▸ **Problem to solve**: Return the entries exactly. Images are not part of the copy.

· · · · · · ·

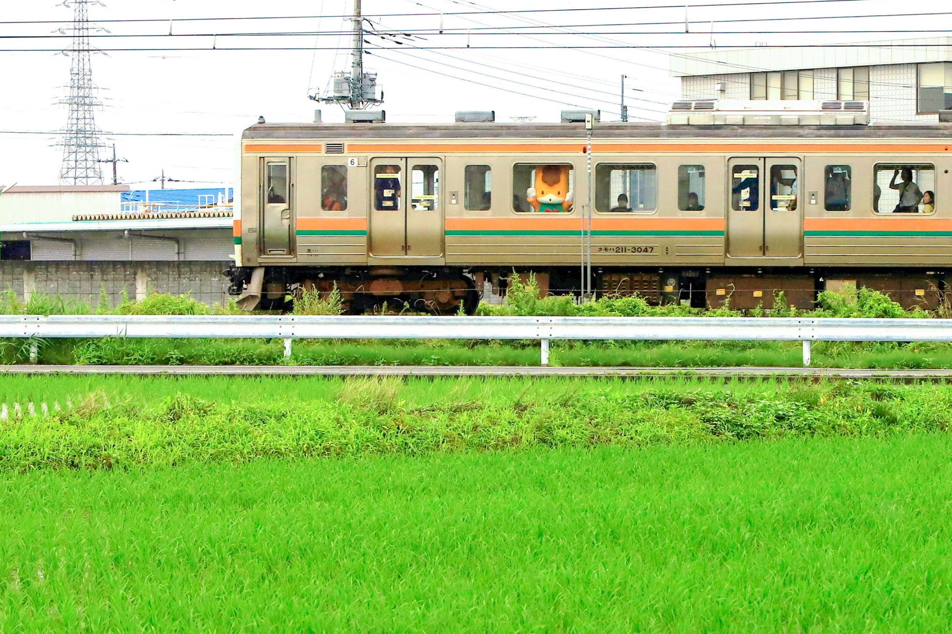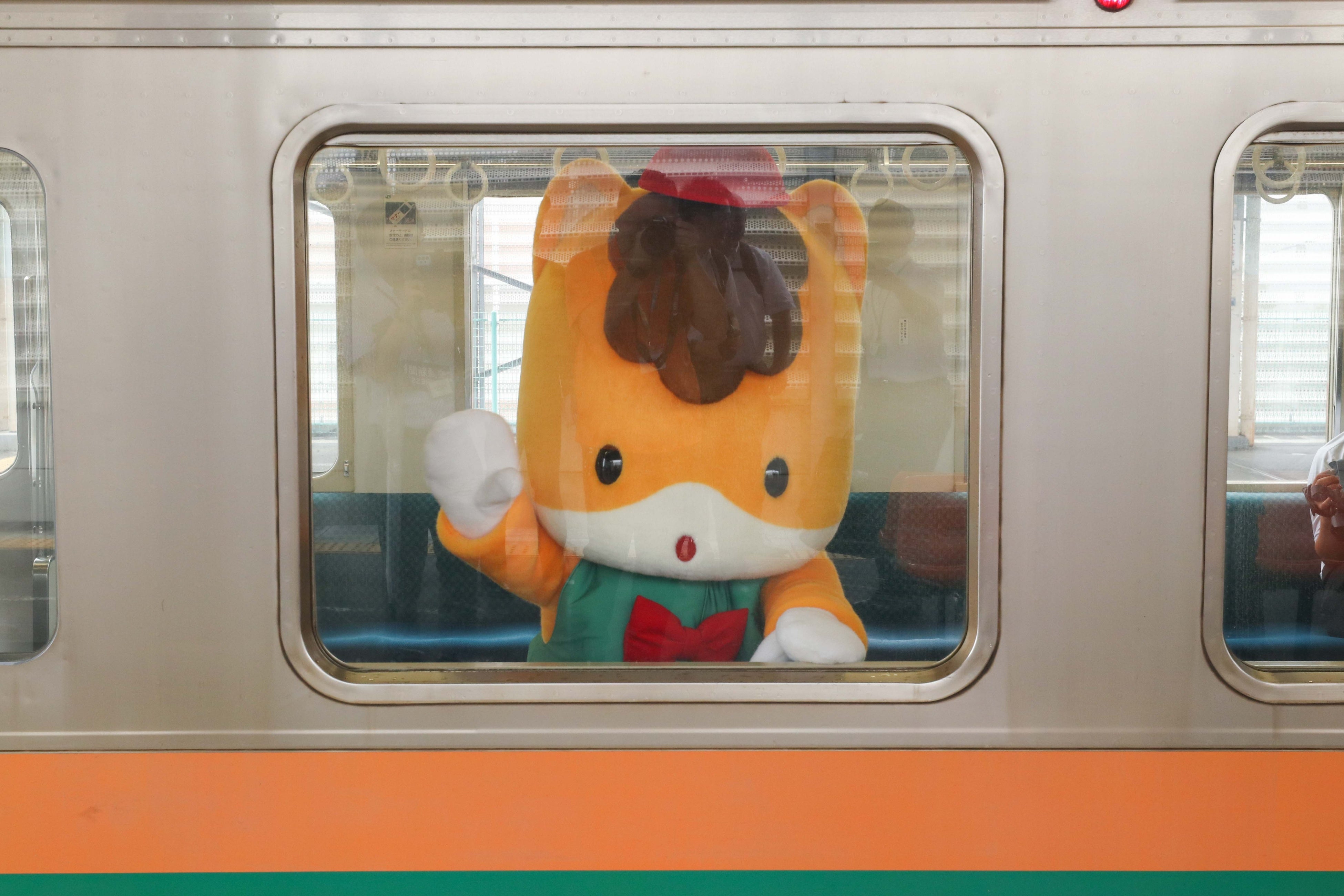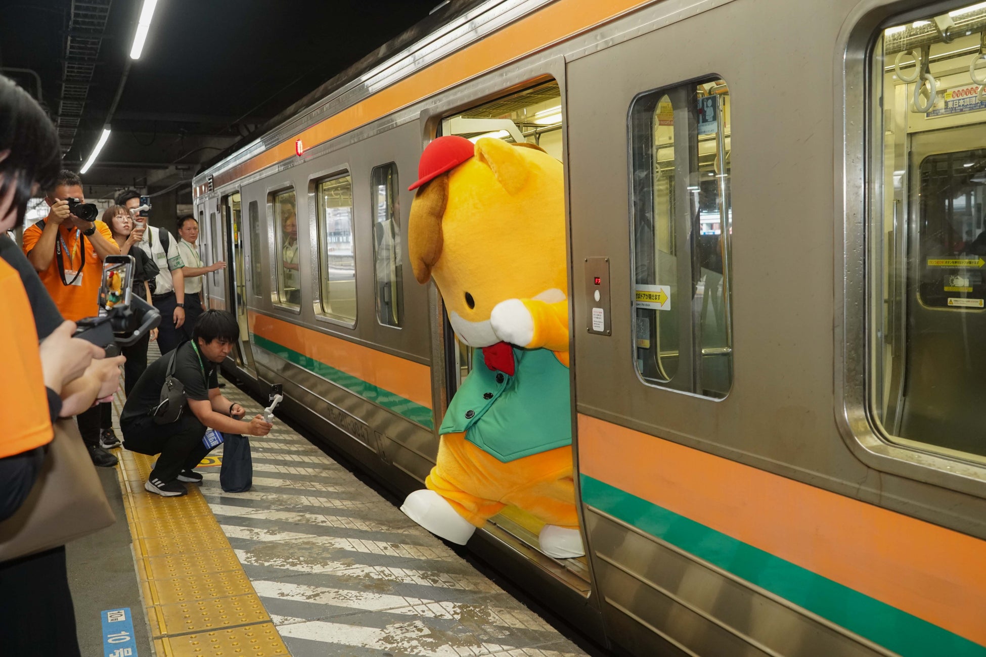 ぐんまちゃんは駅長就任日となる7月1日(月)、群馬県庁を出発し、JR前橋駅へ。8時50分、JR前橋駅2番線ホームから電車に乗り込み、一路、JR高崎駅へ向かった。
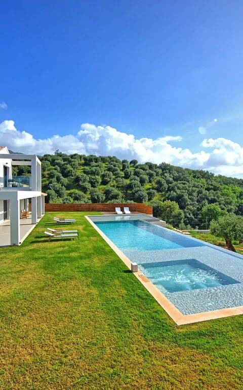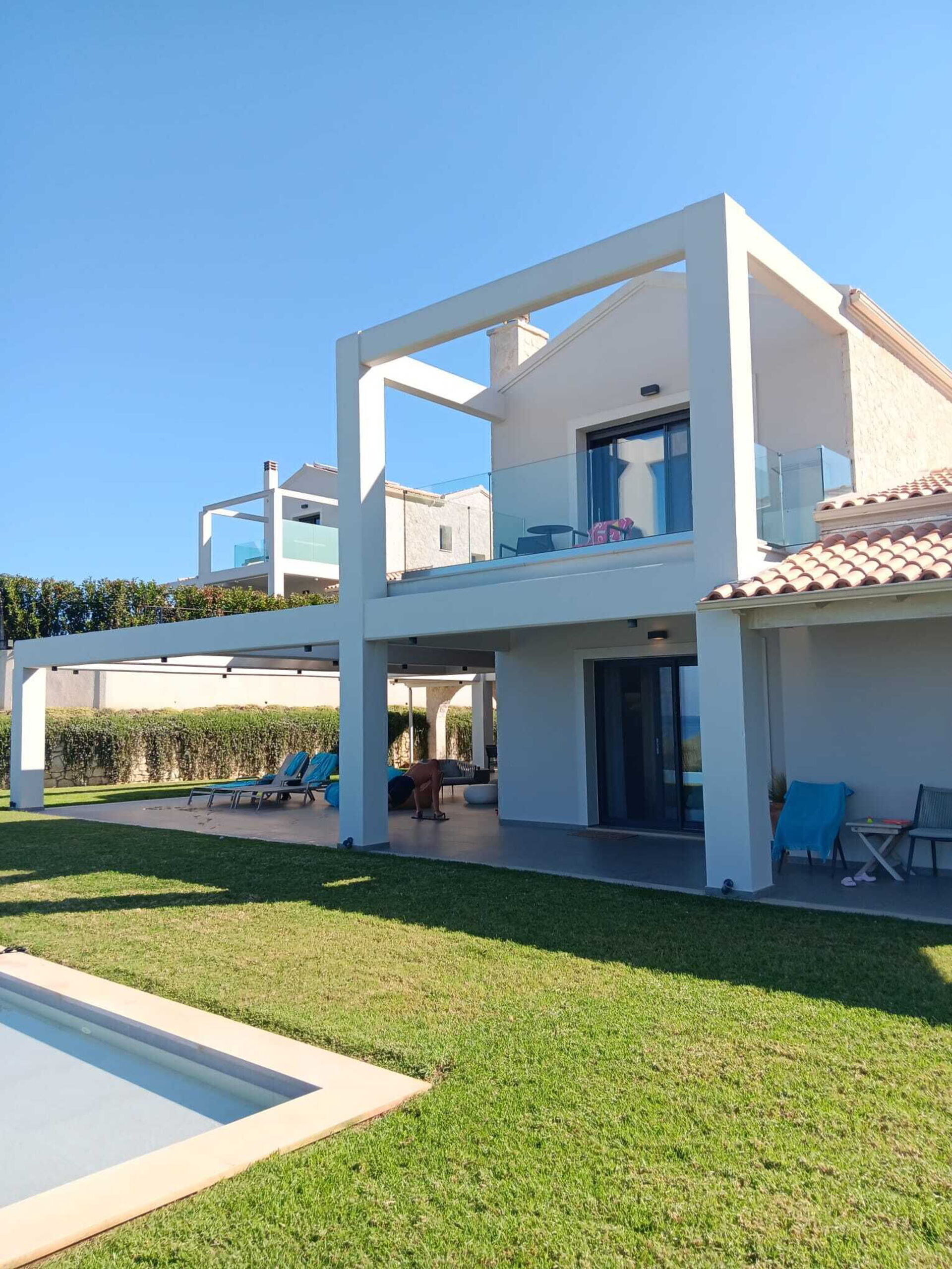 A beautiful, modern and spacious property perched on a hill with views from all the rooms overlooking the sea and the Albanian mountains in the distance.
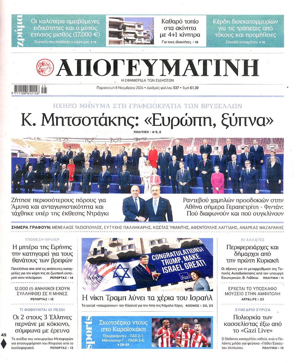 ΑΠΟΓΕΥΜΑΤΙΝΗ-08/11/2024
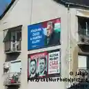 Auf einem Farbfoto ist die verwitterte Fassade eines Wohnhauses zu sehen, an der zwei große Plakate mit Porträtfotos angebracht sind, die die Gesichter von Männern und große Schriftzüge in ungarischer Sprache zeigen
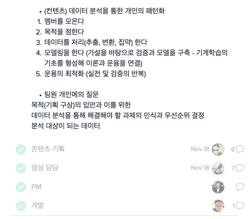 프로젝트의 전반적인 상황과 흐름을 파악하는데에는 위와 같은 솔루션적인 방식과 함께 인간적인 소통 방식이 필요합니다. 팀원들이 자신의 프로젝트에 너무 집중 한 나머지 다른 팀원 간의 1:1 혹은 1:다의 ‘크로스’ 할 수 있는 기회를 놓칠 수 있습니다. 따라서 프로젝트 하나하나의 세부적인 부분에 대한 리더의 집요한 팔로잉보다는 팀원들이 하나의 문제에도 여러가지의 관점과 해결의 실마리를 가질 수 있도록 하고 서로 중복된 업무, 의도치 않은 업무를 하지 않도록, 한 발자국 뒤에서 현재 진행되고 있고 앞으로 진행될 준비 중인 프로젝트들을 연결시키는 역할이 필요합니다.

· · · · · · ·

▸ **Answer below**:
 ぐんまちゃんは駅長就任日となる7月1日(月)、群馬県庁を出発し、JR前橋駅へ。8時50分、JR前橋駅2番線ホームから電車に乗り込み、一路、JR高崎駅へ向かった。
 A beautiful, modern and spacious property perched on a hill with views from all the rooms overlooking the sea and the Albanian mountains in the distance.
 ΑΠΟΓΕΥΜΑΤΙΝΗ-08/11/2024
 Auf einem Farbfoto ist die verwitterte Fassade eines Wohnhauses zu sehen, an der zwei große Plakate mit Porträtfotos angebracht sind, die die Gesichter von Männern und große Schriftzüge in ungarischer Sprache zeigen
 프로젝트의 전반적인 상황과 흐름을 파악하는데에는 위와 같은 솔루션적인 방식과 함께 인간적인 소통 방식이 필요합니다. 팀원들이 자신의 프로젝트에 너무 집중 한 나머지 다른 팀원 간의 1:1 혹은 1:다의 ‘크로스’ 할 수 있는 기회를 놓칠 수 있습니다. 따라서 프로젝트 하나하나의 세부적인 부분에 대한 리더의 집요한 팔로잉보다는 팀원들이 하나의 문제에도 여러가지의 관점과 해결의 실마리를 가질 수 있도록 하고 서로 중복된 업무, 의도치 않은 업무를 하지 않도록, 한 발자국 뒤에서 현재 진행되고 있고 앞으로 진행될 준비 중인 프로젝트들을 연결시키는 역할이 필요합니다.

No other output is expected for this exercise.